Methodological approaches vary in the types of questions they can address, meaning that no single design can fulfill all inferential goals. Population designs foster stability across the field and investigator-led designs foster creativity and mechanistic depth. The publishing system must therefore evolve to recognize the epistemic interdependence of these approaches. A model that rewards scale alone risks suppressing innovation, while one that endorses only depth risks disrupting the field. Scientific progress relies on the dynamic interplay between breadth and depth, convergence and creativity, replication and explanation.
To support this pluralistic ecosystem, reforms in publishing practices are essential. Expanding the definition of rigor to include transparent methods, well-documented workflows, reusable code, and null results will help align incentive structures with the realities of modern computational neuroscience. Recognizing the contributions of data stewards, software engineers, and method developers is equally essential, as these roles underpin the reproducibility and sustainability of the field’s scientific output. By valuing the full spectrum of research products and not just narrative findings, journals can foster a culture in which investigators are encouraged to build, document, share, and refine the tools that make discovery possible.
The brain-mapping community is exceptionally well-positioned to lead this transformation. It has already pioneered open-data frameworks, community standards, and computational tools that have shaped the trajectory of the field. The next step is to extend this leadership into publishing itself: to model a system that rewards what we value, supports methodological pluralism, and enables all researchers, regardless of scale, resources, or institutional setting, to contribute meaningfully to scientific progress.
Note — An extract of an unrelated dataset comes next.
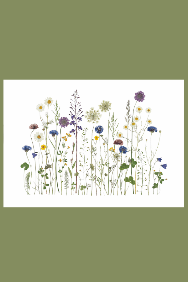 Blomsterne i dette værk er indsamlet og presset i grøftekanter og blomsterenge i sommeren 2025.
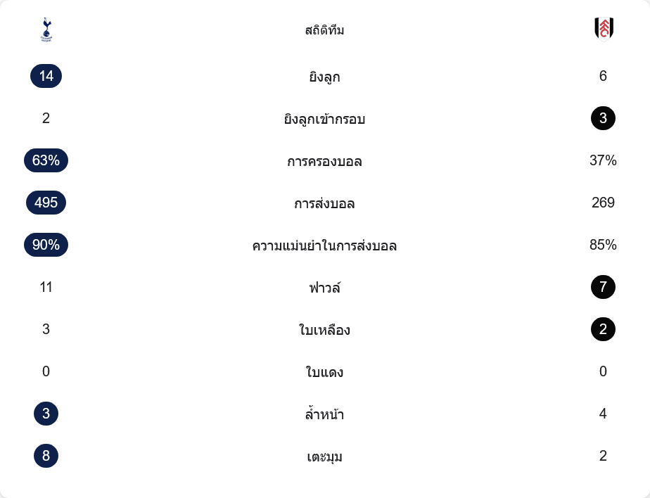 ตัวเลขหลังเกมชัดเจนว่านี่คือเกมที่สเปอร์ส “ครองบอลแต่ไม่คม” เจ้าบ้านยิงทั้งหมด 14 ครั้ง เข้ากรอบเพียง 2 ครั้ง ขณะที่ฟูแล่มยิงแค่ 6 แต่เข้ากรอบ 3 และเปลี่ยนเป็น 2 ประตูเต็มๆ การครองบอลสเปอร์สสูงถึง 63% เทียบกับ 37% ของฟูแล่ม การส่งบอลก็เหนือกว่ามาก 495 ต่อ 269 และความแม่นยำ 90% ต่อ 85%

A pluralistic, inclusive publishing ecosystem addresses existing limitations and is a pathway to accelerating discovery, strengthening reproducibility, and democratizing scientific contribution. Aligning incentives with the full breadth of methodological contributions to scientific inquiry will help ensure that insight, rather than scale alone, shapes future advances. Large-N and small-N approaches each provide unique strengths, and their utility is determined by the research question at hand. When the publishing system supports methodological pluralism, the field is better positioned to generate cumulative and mechanistically grounded knowledge.
Funding sources
The authors have nothing to disclose.
Acknowledgements
Flux 2025 Pre Conference Workshop
This commentary was inspired by the Flux Annual Meeting Pre-Conference Workshop titled “Designing Investigator-Led Studies in the Era of Big Data,” organized by Drs. Andrew Lynn and Xiaoqian Chai, which was held in Dublin, Ireland, on September 4th, 2025. We thank the organizers and the participants of this workshop for their engagement and permission to share their insights.
Conflicts of interest
The authors declare no competing interests.